Goal: To teach people what God in Christ is calling them to be and to do.

Approach: One night the anthropologist Loren Eiseley worked late in his study. Absentmindedly he laid a fossil bone on the floor beside his shepherd dog. Outside a winter storm howled as the hour crept toward midnight. Suddenly the sci­entist heard a heavy rasping of big teeth and looked down to see the fossilized bone in his dog’s mouth. A strange look glinted from the animal’s eyes and a deep growl rose from his chest. Ancient shapes were moving in his mind and de­termining his utterance. Only fools gave up bones. He was warning his master to come no closer. Yet his eyes were strained and desperate, for all his mortal life he had followed at Eiseley’s heels and loved him. But now something was call­ing him from out of the past, out of the distant past. It was the time of the great and final snow when the shape of this thing in his mouth spelled life. A voice from the past was contending with the voice of his present master. It was a strange encounter. Eiseley was wise enough to back away until the dog’s mood subsided. Afterwards they went outside and played in the snow, but for one terrible moment they had not been friends but enemies, facing each other over an invisible haunch ten thousand years removed.[3]Loren Eiseley, “The Night the Shadows Whispered,” Reader’s Digest, May, 1968, pp. 139-40.

All of our existence is a response to voices that call us, some call from the age of the Spirit and other, from the aeon of the beast. Athletes and models and merchants and scholars and musicians and criminals are what they are because of voices they have answered. Christianity is different from other patterns of existence only in the nature of its call. Paul plays with this word, the Greek root of which is our English word “call,” and makes it the motif of his greatest composition, the Ephesian letter. See how central this idea is to the entire epistle by reading Ephesians 4:1 as W. O. Carver translated it: “I, therefore, call-you-along, I the prisoner in the Lord, to order your life worthily of the calling with which you are called.”

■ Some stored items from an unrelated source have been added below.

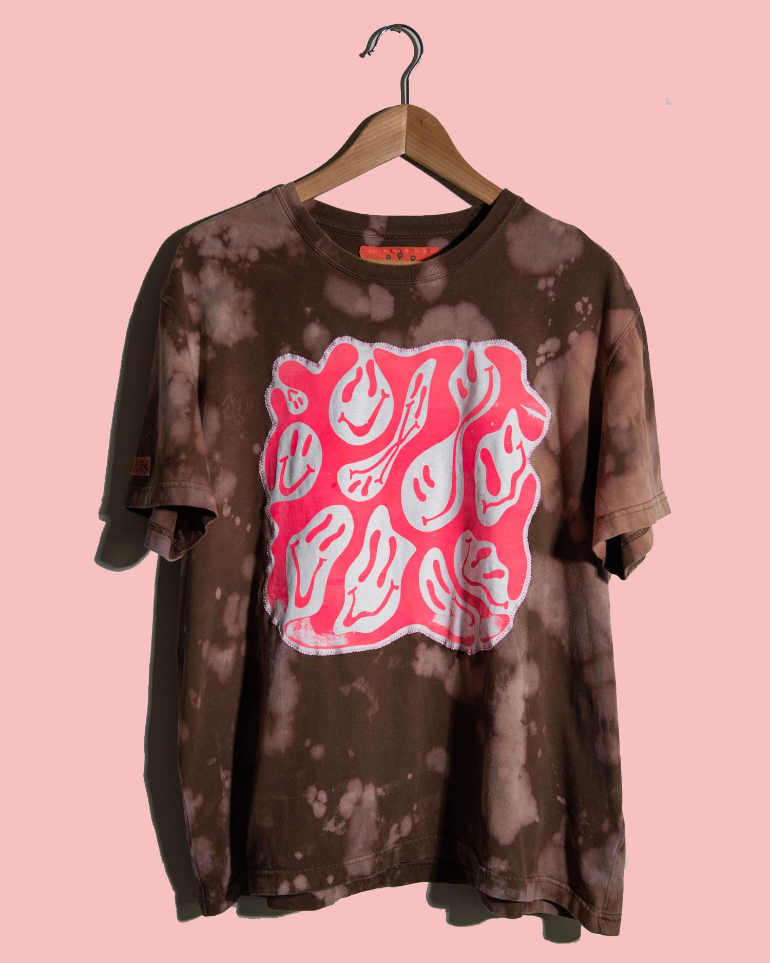- Bleached T-shirt in Brown/Creamy Tan/ Pale Burgundy colours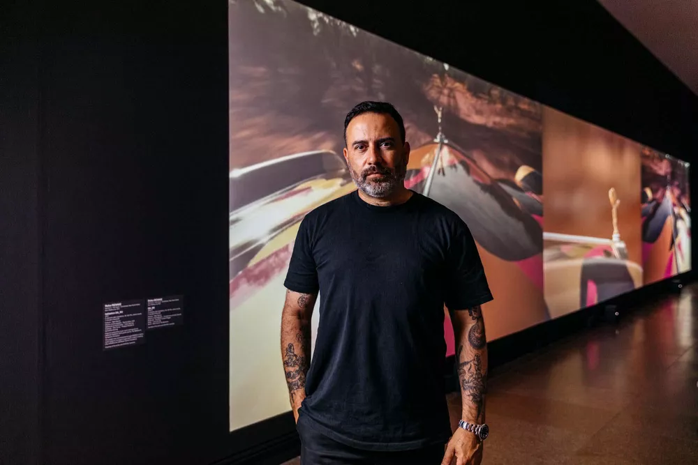 Reko Rennie explores his Aboriginal identity through his use of painting, stenciling, sculpture, installation and film. Although Rennie grew up in Melbourne, his heritage lies with the Kamilaroi people of northern New South Wales. The significance of this heritage was imparted to him by his grandmother Julia, with whom Rennie shared a special relationship. Julia was forcibly removed from her family during the 1920s and enslaved at a pastoral station.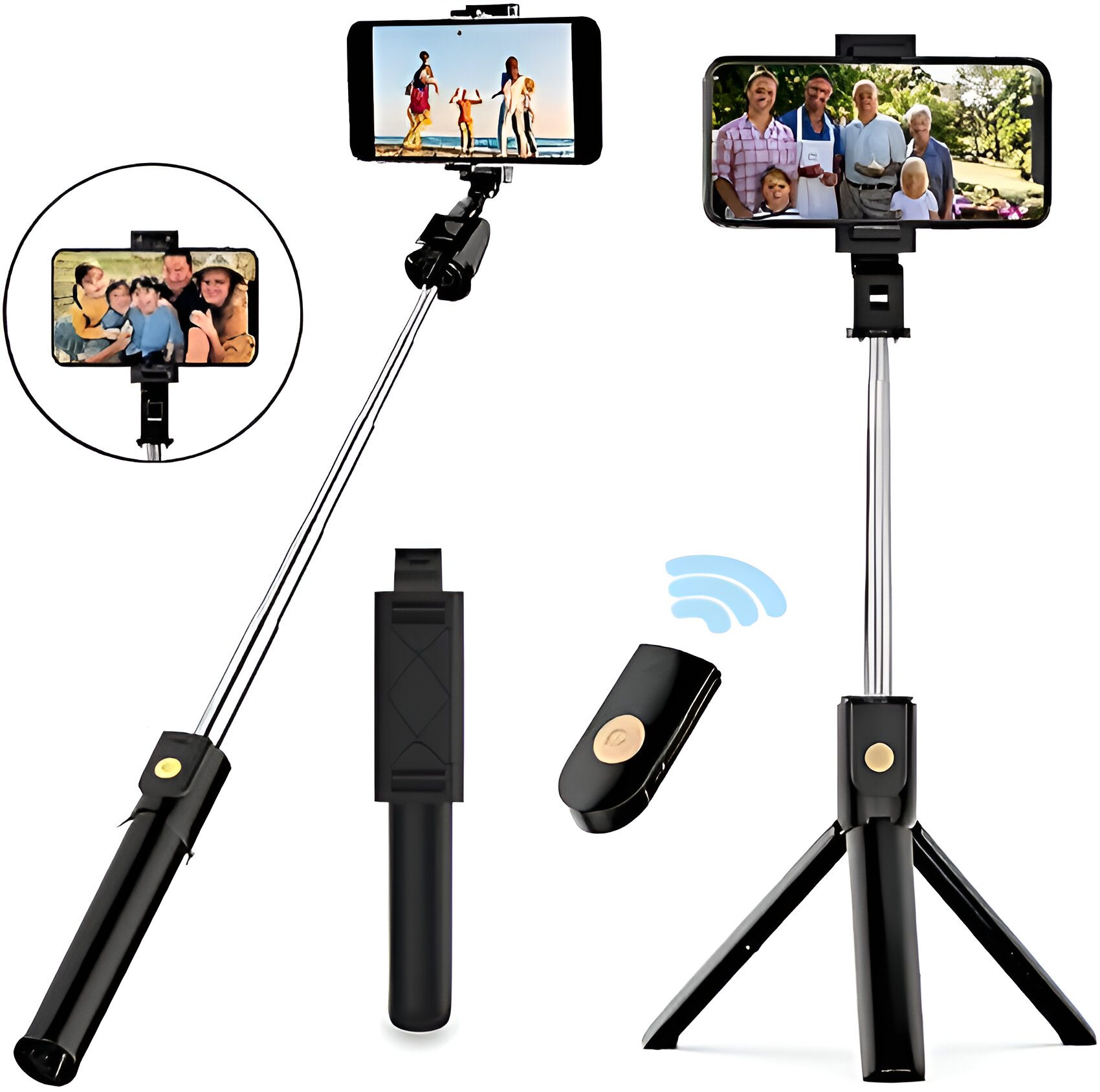Captura tus mejores momentos sin esfuerzo, ya sea que estés solo, con tu familia o entre una multitud. Este monopod con control Bluetooth te permite tomar fotografías y videos desde ángulos amplios, altos y difíciles de alcanzar, obteniendo resultados más creativos, cómodos y estables.
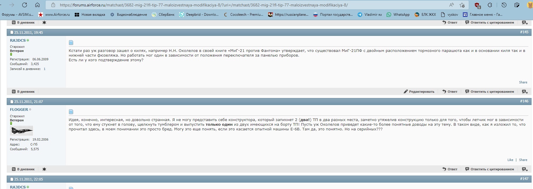 Почему лишняя или недовыпуск ? Шел серийный выпуск 21ПФ. Смотрим на фото из книжки пост треда #608. Там текст: “..один из 25 серийных МиГ-21ПФ, оборудованных..”. Если верить книжке, предсерийные ПФС даже не построены с нуля, а переоборудованы из серийных ПФ. Вторая половина 63г, вероятно к 7 ноября торопились. КБ обещало МО, что МиГом с СПС и килевым контейнером, как у “Вуду“, в этот раз уж точно “догоним и перегоним”®, как обещал Никита Сергеич.. МО, как всегда, отвечал ”БЕГОМИПТЫТЬ!!!”. Директор серийного завода парировал, что производство еще не перестроено; 63г не 36 с “массовыми порками колхозниц”, да и номенклатуру уже не стреляли.. КБ ставило штамп “задел использовать”. В сборочный командировали бригаду с ОП и темных с КБ. Возможно кили и крылья шли оттуда-же.. Наличие рудиментного люка не значит что там был парашют. Два ТП МиГ-21 нужны как зайцу стоп-сигналы®. Их не было ни у одного серийного варианта. Ни до ни после. Да и у опытных не доказано..

God calls us in Christ to be the nucleus and pattern of a universal society by becoming members of the church which is the beginning of that final comic unity through which God’s full glory will be achieved (1:10). Christians must commit themselves then to the interests of the church which is the body of Christ (4:2-3) , the basic goals of which are the main­tenance of unity (4:3-6) and the achievement of growth (4:11-13). Christ acquires his ideal fullness through his body the church, which is portrayed as a full-grown person (4:13). The Christian calling never drowns individuals in the corporate unity, however. Our faith paradoxically accentuates both the social and the individual ideal (4:7). The grand climax comes when Christians participate in amplifying and extending this calling to others (Rev. 22: 17).